Des années qu’il voyageait sur le pouce !

Jamais, il n’emportait autre chose que ce large sourire qu’ornaient deux rangées de canines larges et acérées.

Au fond, il tenait là, son atout essentiel car par beau temps, l’automobiliste providentiel apercevait une espèce de dentier en suspension rutilant au bord de la route. Bien sûr cet éclat avait de quoi surprendre mais l’attention était attirée. C’était certain.

Par un matin clair, une jeune conductrice remarqua ce phénomène lumineux et s’arrêta aimablement.

Ils roulèrent des années. Ils s’aimèrent et traversèrent toutes les frontières.

Frétillant comme un chiot qui va au bois, il bondissait de siège en siège, la truffe toujours collée à la vitre. Les paysages défilèrent comme au ciel passent les nuages.

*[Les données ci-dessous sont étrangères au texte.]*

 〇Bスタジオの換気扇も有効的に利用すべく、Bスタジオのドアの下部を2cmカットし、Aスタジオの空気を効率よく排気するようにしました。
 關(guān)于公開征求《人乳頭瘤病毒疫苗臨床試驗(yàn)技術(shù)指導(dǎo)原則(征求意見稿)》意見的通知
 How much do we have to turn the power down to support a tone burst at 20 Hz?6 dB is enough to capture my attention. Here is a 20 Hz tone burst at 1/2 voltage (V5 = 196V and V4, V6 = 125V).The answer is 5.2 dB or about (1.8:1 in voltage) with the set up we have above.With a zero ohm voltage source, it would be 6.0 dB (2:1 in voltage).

Un matin comme tous les autres, la voiture pris le bas côté et il sortit par la porte arrière. Il se précipita et embrassa du regard les hautes herbes des plaines qui menaient aux Rocheuses.

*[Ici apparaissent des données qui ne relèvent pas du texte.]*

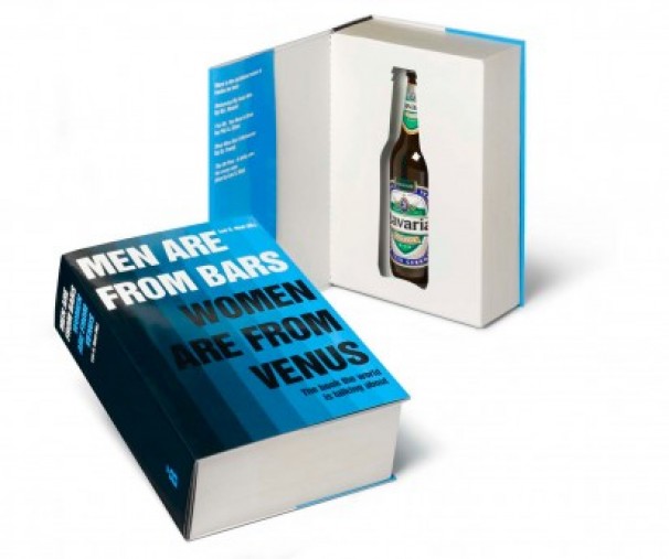 I saw this funny little advert spoof using a play on words for ultimate effect. The title from the the best selling book; Men are from Mars, Women are from Venus is altered in order to create some humour. The funny part is, when I opened the second picture which revealed the spoof, I noticed my partner in crime, Bavaria Premium Beer inside the hard cover book 🙂

Ou étaient-ils ? Il n’en savait rien. Le spectacle qui se déployait sous ses yeux était hallucinant. Le vent caressait la terre entière, les herbes ondulaient telle une mer amoureuse. Quelques pygargues gracieux dessinaient des tourbillons hypnotiques. Il discernait aussi l’odeur des crinières sauvages qui ne tarderaient plus à dévoiler leurs échines indomptables. Sa truffe ivre humait un bonheur de partout.

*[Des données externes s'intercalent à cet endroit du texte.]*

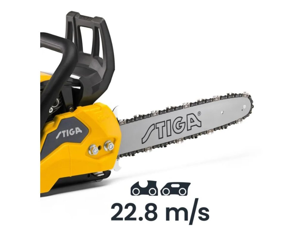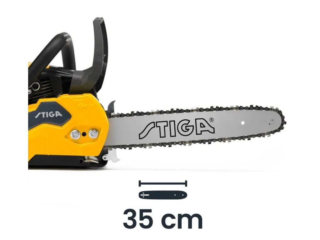 Řetězová pila STIGA CS 540 (14") s 35 cm lištou je poháněna motorem o objemu 38,5 ccm (1,6 kW), díky čemuž je spolehlivá a výkonná a přitom lehká. Hořčíkový kryt motoru zajišťuje robustnost, spolehlivost a rychlé chlazení. Olejové čerpadlo je automatické i nastavitelné. Údržbu lze provádět rychle a snadno díky řadě funkcí; jako je zámek na krytu vzduchového filtru k demontáži není potřeby dalšího nářadí, napínací klíč umístěný pod zadní rukojetí a okénko sledování hladiny paliva v nádrži. Ergonomická měkká rukojeť a pružinový systém zajišťují snížení vibrací a větší pohodlí.

Il n’entendit ni le claquement sourd, ni le bruit du moteur. C’est que lorsque le vent s’enlace dans les hautes herbes, une douce mélodie vous étourdit et vous donne envie de fredonner. A travers les herbes, il distingua à peine un point noir mobile sur l’horizon.

La stupéfaction avait raidi ses muscles et ses longues oreilles  s’étaient redressées comme des paratonnerres.

Quelle direction prendre ? Il l’ignorait pour la première fois de sa vie. Lui qui avait toujours su qu’il fallait suivre en toute circonstance  les effluves d’un rôti, d’une grillade prometteuse ou quelques salaisons alléchantes. Il avait toujours en lui ce sourire énorme mais il en avait perdu le souvenir. Il faut bien l’admettre voyager dans ces conditions n’allait pas être une gageure.

Il lui fallait une direction, une niche, un sourire, des enfants pour jouer, un sofa pour semer ses long poils et aussi un chat pour se chamailler !

Jadis, il avait entendu des gens parler de la mort.  C’est vrai il avait cherché à comprendre, enfin, à conceptualiser mais il ne voyait pas quel goût ce genre de mets pouvait avoir. Était-ce salé ou alors plutôt du genre sucré ? Il était plutôt salé. Mais la mort non, il ne voyait pas très bien.

La première perche qu’il trouva ce fut une chanson, que jadis il avait entendu dans un chenil et dont il se souvenait très bien. Oui, un air vraiment qui lui trottinait dans la tête : « Ain’t got no home, ain’t got no shoes, ain’t got no love, ain’t got no faith ». Oui, il fallait le voir secouer joyeusement la queue tandis qu’il reprenait la route qui traversait l’Alberta.

Sur des milliers de kilomètres.

Il chantonnait sa ritournelle tendant l’oreille à chaque camion qui filait vers l’Alaska.

Il était heureux que cet hymne soit d’une jeune femme noire. C’était un atout qui lui convenait parfaitement.

Novembre approchait sur les Rocheuses.

Les premiers flocons recouvraient déjà son poil splendide.

Il pressait un peu l’allure, son estomac le tiraillait un peu.

Ah que de rôtis magnifiques il avait rêvés.